1\. He states at one point that "It's absolute poverty you want to avoid, not
relative poverty.", which is certainly true to an extent, but not completely.
A recent BBC documentary looked at some of the poorest people in America.[1]
The thing that really struck me about that is that these people, in absolute
terms, are not poverty stricken. They're not short of shelter, food or water.
In relative terms though, they've been left behind. The modern american
society simply isn't designed for people living on their income level. They
live in motels without kitchens, so the option of cooking the basic staple
foods eaten by those on similar income levels elsewhere is unavailable to
them. They have to buy expensive packaged foods. The high cost of the society
they live in means that their disposable income, and their ability to climb
out of the economic hole that they're in, is almost certainly less than that
of people with their absolute income in a poorer society. Poverty has to be
considered in both relative and absolute terms. The people depicted in that
documentary have fewer options available to them than those in poor countries.
American health costs, education costs and rents are all designed for the
average American income level.

[1]:
[http://www.bbc.co.uk/panorama/hi/front_page/newsid_9694000/9...](http://www.bbc.co.uk/panorama/hi/front_page/newsid_9694000/9694094.stm)

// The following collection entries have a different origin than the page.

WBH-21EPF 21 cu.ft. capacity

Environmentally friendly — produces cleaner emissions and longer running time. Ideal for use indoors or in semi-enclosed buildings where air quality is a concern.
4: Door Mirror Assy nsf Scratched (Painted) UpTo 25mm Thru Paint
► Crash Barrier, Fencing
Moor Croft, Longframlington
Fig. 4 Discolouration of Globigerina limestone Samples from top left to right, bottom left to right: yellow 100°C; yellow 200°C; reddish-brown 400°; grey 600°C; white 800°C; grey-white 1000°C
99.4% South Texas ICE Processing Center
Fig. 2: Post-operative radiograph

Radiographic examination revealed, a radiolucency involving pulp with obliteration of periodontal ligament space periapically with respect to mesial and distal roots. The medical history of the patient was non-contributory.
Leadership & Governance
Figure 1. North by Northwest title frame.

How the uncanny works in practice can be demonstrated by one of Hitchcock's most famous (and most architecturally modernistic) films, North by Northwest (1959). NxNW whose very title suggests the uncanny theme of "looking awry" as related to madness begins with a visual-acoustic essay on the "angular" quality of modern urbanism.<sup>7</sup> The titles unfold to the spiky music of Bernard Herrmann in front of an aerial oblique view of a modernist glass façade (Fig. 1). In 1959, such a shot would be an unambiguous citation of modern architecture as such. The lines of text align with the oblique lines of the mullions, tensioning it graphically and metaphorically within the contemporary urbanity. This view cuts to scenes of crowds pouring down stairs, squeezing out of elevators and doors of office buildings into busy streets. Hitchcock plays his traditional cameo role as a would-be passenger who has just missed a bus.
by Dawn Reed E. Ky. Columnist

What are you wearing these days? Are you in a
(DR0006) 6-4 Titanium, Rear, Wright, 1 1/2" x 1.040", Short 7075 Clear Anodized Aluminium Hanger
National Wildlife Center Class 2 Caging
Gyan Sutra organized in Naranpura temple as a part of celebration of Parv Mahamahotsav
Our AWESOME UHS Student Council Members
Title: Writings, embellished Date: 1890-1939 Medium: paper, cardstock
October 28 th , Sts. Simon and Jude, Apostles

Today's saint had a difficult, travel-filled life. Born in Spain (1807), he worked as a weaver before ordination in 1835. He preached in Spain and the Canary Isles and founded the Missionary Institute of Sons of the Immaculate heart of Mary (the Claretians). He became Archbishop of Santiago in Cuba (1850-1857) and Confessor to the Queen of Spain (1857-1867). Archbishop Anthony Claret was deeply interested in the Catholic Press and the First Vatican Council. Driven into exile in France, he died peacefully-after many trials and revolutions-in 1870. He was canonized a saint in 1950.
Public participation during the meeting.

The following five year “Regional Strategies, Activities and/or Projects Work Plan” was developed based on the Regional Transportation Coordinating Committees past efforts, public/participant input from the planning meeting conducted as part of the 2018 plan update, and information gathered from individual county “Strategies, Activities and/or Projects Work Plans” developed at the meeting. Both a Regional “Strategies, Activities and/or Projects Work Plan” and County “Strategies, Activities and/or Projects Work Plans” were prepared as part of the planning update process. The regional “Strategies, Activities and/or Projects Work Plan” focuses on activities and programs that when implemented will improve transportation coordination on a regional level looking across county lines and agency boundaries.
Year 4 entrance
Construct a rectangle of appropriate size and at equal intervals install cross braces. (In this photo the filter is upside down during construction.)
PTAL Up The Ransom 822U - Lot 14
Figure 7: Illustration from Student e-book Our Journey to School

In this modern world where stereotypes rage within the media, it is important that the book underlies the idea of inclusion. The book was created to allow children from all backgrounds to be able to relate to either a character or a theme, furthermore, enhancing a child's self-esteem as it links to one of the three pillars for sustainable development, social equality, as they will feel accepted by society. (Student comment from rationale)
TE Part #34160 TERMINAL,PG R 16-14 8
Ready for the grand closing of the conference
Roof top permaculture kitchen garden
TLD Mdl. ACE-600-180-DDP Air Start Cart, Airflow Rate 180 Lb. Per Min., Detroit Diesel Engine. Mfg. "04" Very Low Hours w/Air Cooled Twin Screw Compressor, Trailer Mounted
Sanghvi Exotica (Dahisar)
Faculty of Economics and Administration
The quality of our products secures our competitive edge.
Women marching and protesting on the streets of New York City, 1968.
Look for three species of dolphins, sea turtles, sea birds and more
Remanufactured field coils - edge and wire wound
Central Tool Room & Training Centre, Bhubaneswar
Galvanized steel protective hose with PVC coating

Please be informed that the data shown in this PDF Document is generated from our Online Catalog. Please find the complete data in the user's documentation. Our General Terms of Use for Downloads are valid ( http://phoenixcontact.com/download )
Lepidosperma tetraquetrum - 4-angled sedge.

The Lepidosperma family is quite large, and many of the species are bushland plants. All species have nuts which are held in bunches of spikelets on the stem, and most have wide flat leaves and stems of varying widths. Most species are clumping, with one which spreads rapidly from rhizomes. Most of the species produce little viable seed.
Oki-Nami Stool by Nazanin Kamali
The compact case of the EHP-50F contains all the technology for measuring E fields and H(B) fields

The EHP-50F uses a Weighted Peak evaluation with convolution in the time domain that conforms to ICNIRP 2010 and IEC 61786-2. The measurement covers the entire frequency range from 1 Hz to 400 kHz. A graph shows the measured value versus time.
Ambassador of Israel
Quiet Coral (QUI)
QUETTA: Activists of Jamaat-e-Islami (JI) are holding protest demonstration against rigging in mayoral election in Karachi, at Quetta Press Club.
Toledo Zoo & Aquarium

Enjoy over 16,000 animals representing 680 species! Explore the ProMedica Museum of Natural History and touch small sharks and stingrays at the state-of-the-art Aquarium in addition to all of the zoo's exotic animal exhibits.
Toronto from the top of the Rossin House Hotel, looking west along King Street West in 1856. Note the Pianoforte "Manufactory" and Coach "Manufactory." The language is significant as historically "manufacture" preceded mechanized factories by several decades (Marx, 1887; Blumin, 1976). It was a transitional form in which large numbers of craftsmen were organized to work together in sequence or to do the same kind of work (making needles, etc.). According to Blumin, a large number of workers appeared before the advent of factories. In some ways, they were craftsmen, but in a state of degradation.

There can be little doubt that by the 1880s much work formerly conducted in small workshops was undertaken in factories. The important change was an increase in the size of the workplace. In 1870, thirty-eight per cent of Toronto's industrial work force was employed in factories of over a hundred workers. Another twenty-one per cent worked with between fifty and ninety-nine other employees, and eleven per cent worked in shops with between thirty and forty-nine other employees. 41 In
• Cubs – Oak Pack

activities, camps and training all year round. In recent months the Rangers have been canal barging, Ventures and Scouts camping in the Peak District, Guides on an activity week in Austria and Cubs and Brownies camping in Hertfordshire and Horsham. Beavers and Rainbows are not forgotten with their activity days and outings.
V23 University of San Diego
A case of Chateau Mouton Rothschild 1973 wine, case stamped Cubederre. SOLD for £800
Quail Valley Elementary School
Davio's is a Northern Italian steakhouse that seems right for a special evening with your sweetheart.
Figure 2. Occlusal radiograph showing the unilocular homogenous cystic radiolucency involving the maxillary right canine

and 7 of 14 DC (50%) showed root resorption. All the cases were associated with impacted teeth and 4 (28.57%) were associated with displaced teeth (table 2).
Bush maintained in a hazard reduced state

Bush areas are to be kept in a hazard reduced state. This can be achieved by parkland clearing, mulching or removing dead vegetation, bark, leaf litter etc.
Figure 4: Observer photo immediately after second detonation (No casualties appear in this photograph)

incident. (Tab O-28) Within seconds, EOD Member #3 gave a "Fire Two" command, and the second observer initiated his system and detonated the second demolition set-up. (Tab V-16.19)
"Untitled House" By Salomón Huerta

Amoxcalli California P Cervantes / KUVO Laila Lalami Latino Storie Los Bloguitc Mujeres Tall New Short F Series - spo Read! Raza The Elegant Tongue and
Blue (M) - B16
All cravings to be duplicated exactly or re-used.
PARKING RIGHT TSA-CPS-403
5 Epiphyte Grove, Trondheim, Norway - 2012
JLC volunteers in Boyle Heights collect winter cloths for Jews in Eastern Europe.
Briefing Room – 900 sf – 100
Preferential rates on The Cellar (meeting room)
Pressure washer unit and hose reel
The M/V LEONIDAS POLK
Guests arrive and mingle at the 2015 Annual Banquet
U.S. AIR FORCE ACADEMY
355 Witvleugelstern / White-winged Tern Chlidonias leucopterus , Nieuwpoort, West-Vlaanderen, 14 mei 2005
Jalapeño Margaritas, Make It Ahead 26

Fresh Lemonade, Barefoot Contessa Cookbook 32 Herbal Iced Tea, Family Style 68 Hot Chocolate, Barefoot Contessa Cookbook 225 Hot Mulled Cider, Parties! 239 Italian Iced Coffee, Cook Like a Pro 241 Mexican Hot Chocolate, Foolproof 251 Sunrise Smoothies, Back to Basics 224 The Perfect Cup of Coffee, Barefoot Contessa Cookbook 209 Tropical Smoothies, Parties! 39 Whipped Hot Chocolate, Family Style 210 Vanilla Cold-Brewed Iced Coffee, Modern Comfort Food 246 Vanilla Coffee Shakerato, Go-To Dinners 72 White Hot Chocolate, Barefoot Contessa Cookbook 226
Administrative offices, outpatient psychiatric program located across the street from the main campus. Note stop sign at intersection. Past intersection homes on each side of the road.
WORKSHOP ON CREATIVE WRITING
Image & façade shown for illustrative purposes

2\. There are aspects of society that set their own value. I know it's popular
to complain about bankers right now, but they're probably the best example of
this. Banking a necessary evil to allow us to deal with the vast, money based
economy we've created. While almost every other industry operates by trading
goods or non-monetary services for money (and so only sees money that's in
some way related to their business expenses), banking sees _all_ the money. A
"normal" business can increase profits by maintaining or increasing income and
reducing expenses (eg outsourcing, manufacturing in China, reducing material
costs). Banks, by virtue of their operation, handle incredible amounts of
money. They're in a unique situation that allows them to set the value of the
service they provide. Not surprisingly, that service value is set considerably
higher than perhaps it truly is.

It's obviously hard to place a value on the services provided by banks. In his
essay, Paul Graham talks about wealth creation, giving a farmer as an example.
The banking (and financial trading system) is not primarily a wealth creator.
It's a system for moving that created wealth around. Banking can enable wealth
creation with funding, but the system we have today has developed to reward
activities with high returns over short periods. What I'd argue as true human
wealth creation - manufacturing and valuable service provision - doesn't
provide the returns that the banking system was looking for. The house of
cards built up by high frequency trading, derivatives, futures and other
hugely abstracted banking and trading concepts is far removed from this wealth
creation.

Society rewards bankers with large amounts of money. Paul Graham argues that
Steve Jobs increases material wealth, and so his monetary wealth in return was
deserved. That's almost certainly true, but banking isn't a case of the
average person going out and buying an iPad because it increases their
material wealth. Bankers are rewarded richly because they've constructed a
system over the last hundred years which takes large rewards for itself. There
is very little true wealth produced by the system.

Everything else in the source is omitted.